Asimismo, debe considerarse que, en la actividad de valoración de la prueba se halla presente el principio de verdad material, el mismo que en muchos casos puede dejar en un segundo plano a las pruebas tasadas como son los documentos públicos, cuando de por medio concurren otros elementos probatorios que llevan a la convicción de manera distinta a la que señalan los documentos públicos.
Instituto jurídico procesal que adquiere una alta relevancia en el proceso, debido a que: “la finalidad de la prueba en el proceso judicial es la averiguación de la verdad sobre lo ocurrido (…), Finalidad que, a su vez, se divide en la necesidad de una doble garantía: asegurar que todos los infractores del derecho sean sancionados y que solo ellos lo sean. Y esto supone, evidentemente, la necesidad de que lo que se declare probado en el proceso coincida con la verdad de lo ocurrido; esto es, que los enunciados declarados probados sean verdaderos y los enunciados falsos no se declaren probados”. (Vázquez Carmen, estándares de prueba y prueba científica, gestión 2013, pág. 22).

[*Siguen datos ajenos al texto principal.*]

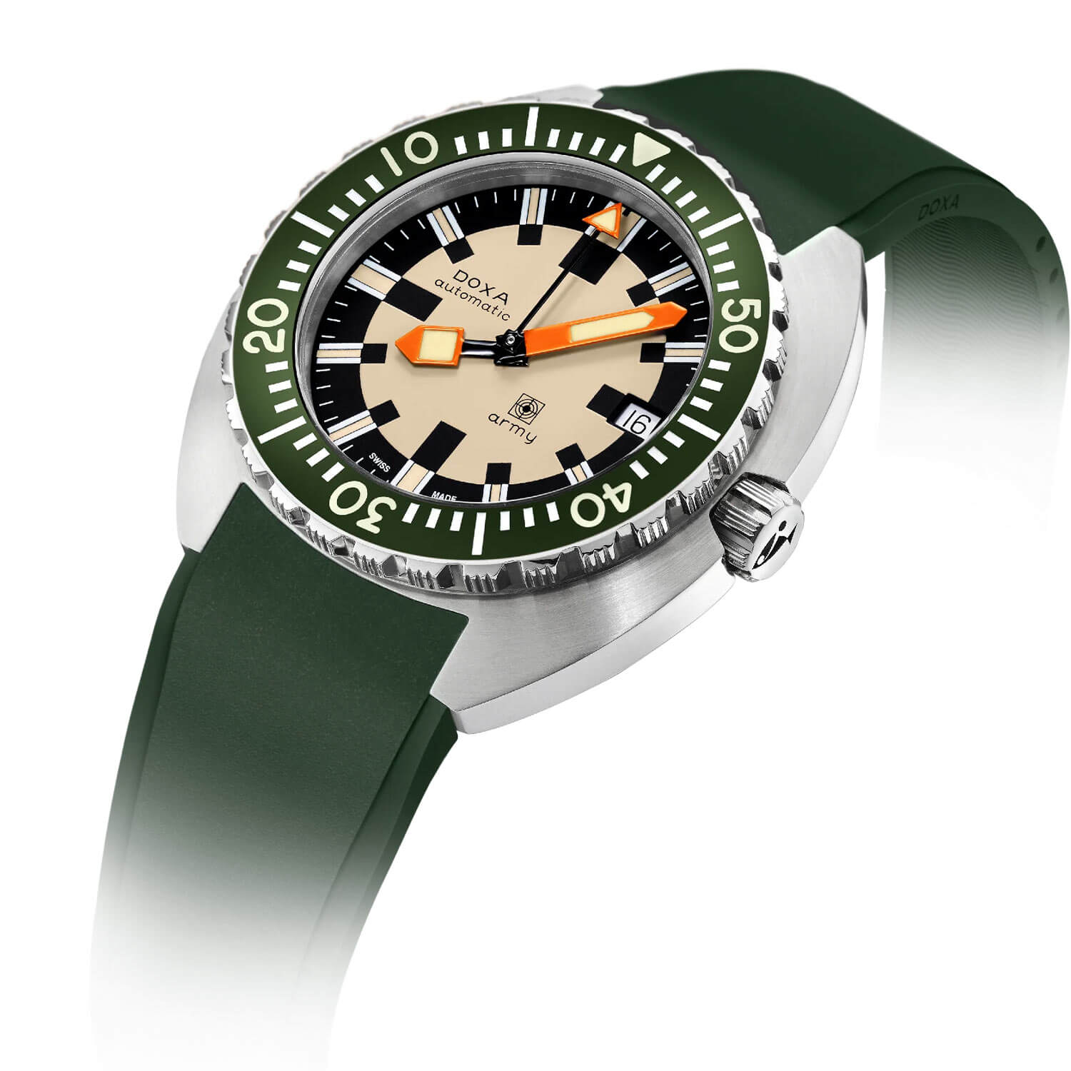 Tarcza w kolorze piaskowego beżu z czarnym pierścieniem wewnętrznym i kontrastującymi indeksami przypomina o wojskowym rodowodzie tego modelu – czytelność i funkcjonalność są tu priorytetem. Grube, pomarańczowe wskazówki pokryte masą Super-LumiNova® gwarantują błyskawiczny odczyt nawet w całkowitej ciemności, a datownik na godzinie trzeciej dodaje praktycznego charakteru bez naruszania równowagi projektu. Wewnątrz koperty pracuje automatyczny mechanizm SW200-1 Swiss Made — precyzyjny, niezawodny i gotowy do działania tak długo, jak długo porusza się jego właściciel. Werk posiada rezerwę chodu do 41 godzin. Zegarek automatyczny Doxa Army 785.10.031G.26 na pasku gumowym to nie gadżet retro – to reedycja nurkowego narzędzia z charakterem, zaprojektowana z myślą o tych, którzy wymagają od zegarka znacznie więcej niż tylko punktualności.

Sobre esa base, se puede señalar que ante la impugnación de errónea valoración de la prueba (ya sea por error de hecho o por error de derecho), es decir, incorrecta aplicación de los anteriores criterios en la fundamentación del Auto de Vista, es el Tribunal Supremo el encargado de verificar si los argumentos y conclusiones de las resoluciones de instancia reúnen los requisitos para ser considerados lógicos, esto es, que no contengan afirmaciones falsas, incoherentes o irracionales, lo que se podrá verificar haciendo un análisis respecto de la valoración de la prueba, contrastando justamente con las señaladas leyes del pensamiento humano, luego, si este Tribunal encuentra que se ha quebrantado estas leyes, es decir, existe errónea aplicación de la ley adjetiva o sustantiva en dicha apreciación por inadecuada valoración de la prueba por parte del Juez o Tribunal de Alzada, corresponderá enmendar tal situación, ello en resguardo de los principios de unidad, comunidad, concentración, contradicción, verdad material, entre otros, que son rectores del proceso civil y a los que están sometidas las pruebas para el resultado final de resolución.